LITERARY SCOTLAND: A TRAVELLER’S GUIDE
Alan Riach
By: VisitScotland, Glasgow 2011 in collaboration
with ASLS and the University of Glasgow.
Published in: PDF
“A valuable introduction to the many fascinating links between Scotland and literature.”
— Iain Banks
Scotland’s rich literary heritage is being put firmly on the map thanks to this new publication produced by VisitScotland, ASLS and the University of Glasgow. The Guide is available to download as a PDF: you can also pick up a free printed copy from VisitScotland Information Centres throughout the country.

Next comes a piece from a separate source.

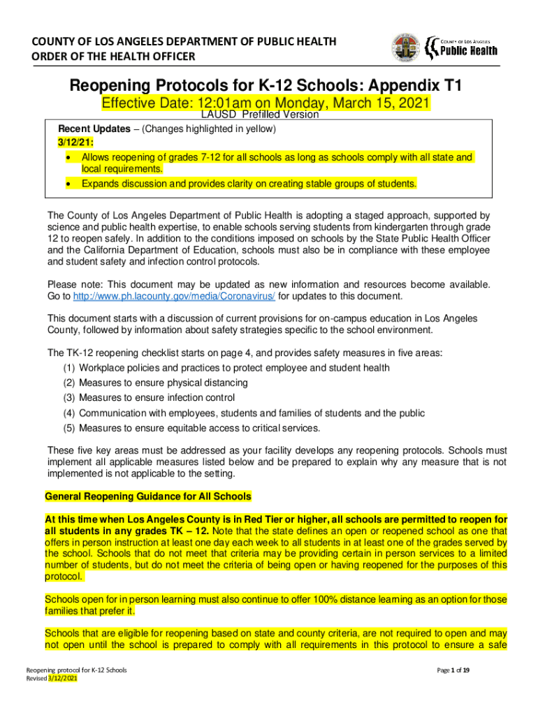 COUNTY OF LOS ANGELES DEPARTMENT OF PUBLIC HEALTH ORDER OF THE HEALTH OFFICERReopening Protocols for K12 Schools: Appendix T1 Effective Date: 12:01am on Monday, March 15, 2021, LAUD Prefilled VersionRecent

Featuring everything from the castle where Bram Stoker penned Dracula to the heights of Ben Dorain, Literary Scotland: A Traveller’s Guidehighlights 60 fascinating literary locations throughout the country, including the stunning settings for world-famous novels, the scenery that inspired poets and the birthplaces of some of the country’s most distinguished writers. It is the first guide of its kind to be put together by VisitScotland and it is hoped it will appeal to residents and visitors alike.

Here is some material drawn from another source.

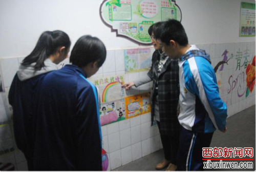 “忽如一夜春风来,千树万树梨花开”、“春色满园关不住,一枝红杏出墙来”……3月28日中午,记者来到了咸阳天王学校,还未走进校门,就被郎朗的读书声所吸引。学校各个教学楼的墙面上以及教师的过道内都写满了各种激人们上进的诗词。在教学楼下的绿色走廊中间,挂着“书香苑”三个大字,而牌子下面的那首《登鹳雀楼》更是气势磅礴、意境深远,瞬间让人有了一种积极探索和无限进取的情怀。这首诗,也一直激励着天王学校的师生们,如若“欲穷千里目”必得“更上一层楼”。

Compiled in association with the University of Glasgow and the ASLS, Literary Scotland: A Traveller’s Guide was written by Alan Riach, a noted poet, Past President of ASLS and Professor of Scottish Literature at Glasgow University.
He said: “This little book is only a beginning, a first list of locations significant to writers or literary visitors to Scotland. I’ve included many familiar and also many unfamiliar names and places: Burns and Scott and MacDiarmid are all there of course, but also Mary MacLeod and Catherine Carswell, John Buchan and Irvine Welsh, Duncan Ban MacIntyre and Liz Lochhead. So many people – whether visitors or resident Scots – might not know how steeped in literature the landscapes they drive through or live in really are. The idea was simply to open a few doors, to suggest a few ways of thinking about what Scottish literature might do to help us really inhabit the country more fully.”
Alan Riach is Professor of Scottish Literature at the University of Glasgow.